While he thought this over the car purred through the city streets into the suburbs and finally out into the open country. The road was dry and white, but not too dusty, for a recent rain had laid the dust.
“I’m getting hungry,” announced Mrs. Horton. “We had such an early breakfast that an eleven o’clock lunch wouldn’t be out of the way at all. Let’s keep on the look-out for a cool shady spot, and when we find it, stop and have a picnic.”
They found the cool, shady spot sooner than they expected. A turn in the road brought them to a white farmhouse with an apple orchard that grew almost up to the front door.
“Ask if we can eat our lunch under the trees, Harry,” said Mrs. Horton. “And if we can get some milk for Sunny, that will be fine.”

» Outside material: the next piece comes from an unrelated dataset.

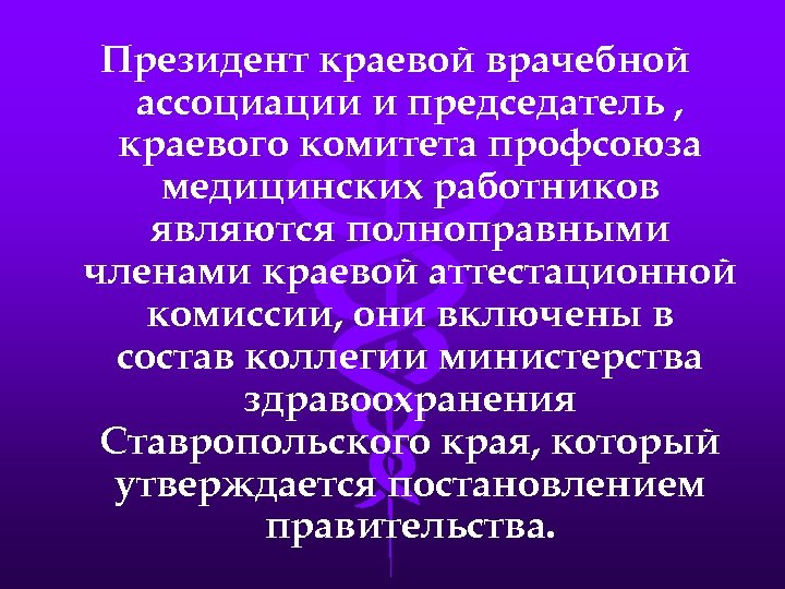 Президент краевой врачебной ассоциации и председатель , краевого комитета профсоюза медицинских работников являются полноправными членами краевой аттестационной комиссии, они включены в состав коллегии министерства здравоохранения Ставропольского края, который утверждается постановлением правительства.

Mr. Horton went up to the door and knocked. A young woman opened it. The folk in the car couldn’t hear what he said, but he came back in a few moments, smiling.

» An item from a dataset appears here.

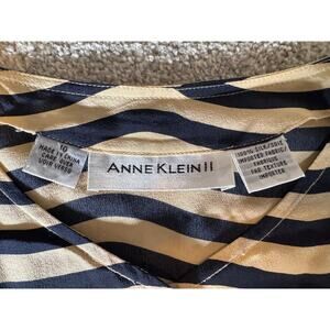 This Anne Klein II silk button-up blouse is a timeless addition to your wardrobe! In excellent condition, this size 10 blouse features a sophisticated navy and beige stripe pattern.

“She says we may take down the bars and drive right in,” he reported. “And she’ll bring us out a pitcher of cold milk and will be glad to make a cup of hot tea if any one wants it.”
No one wanted hot tea, and when Lucy, that was her name she told them, brought out the ice-cold milk, they assured her it was far more delicious than any tea could be. Lucy couldn’t stay, for the dinner was on the stove and she expected the farmer men home to dinner at twelve. Mr. Horton paid her for the milk, and she said that the money would go into her school fund. She was saving to have enough to go away to school in the fall.
“I’m hungry, too,” declared Sunny Boy, watching Mother place the goodies on a white cloth as Harriet opened the boxes and handed them to her.
“I’m glad you have an appetite,” said Mother. “Things will taste good to you then. Come, girls and boys, we’re ready for you.”
Aunt Bessie and Miss Martinson passed their box of sandwiches and every one took one. Those were the egg ones Sunny Boy had remembered to tell his mother about. Then Mrs. Horton passed her box, and after all were served and Harriet was putting down the box, meaning to take up the fruit box, she saw something in it.
“What’s this?” she asked, putting in her hand and drawing out a round, rather flat box. “Is it something you put in for the sandwiches, Mrs. Horton? Pepper and salt, maybe? It was down under the paper, and I most missed it.”
“That’s my s’prise!” cried Sunny Boy, who had forgotten about the box he had taken from the closet shelf. “I put it in, Mother. I like to pack boxes.”
“I knew it was nothing I had packed,” said Mrs. Horton wonderingly.
But Mr. Horton, who had been leaning over her shoulder to see the box, now rolled over on his back in the grass, shouting with laughter.
“It’s the stove polish!” he half-choked. “What won’t that child do next!”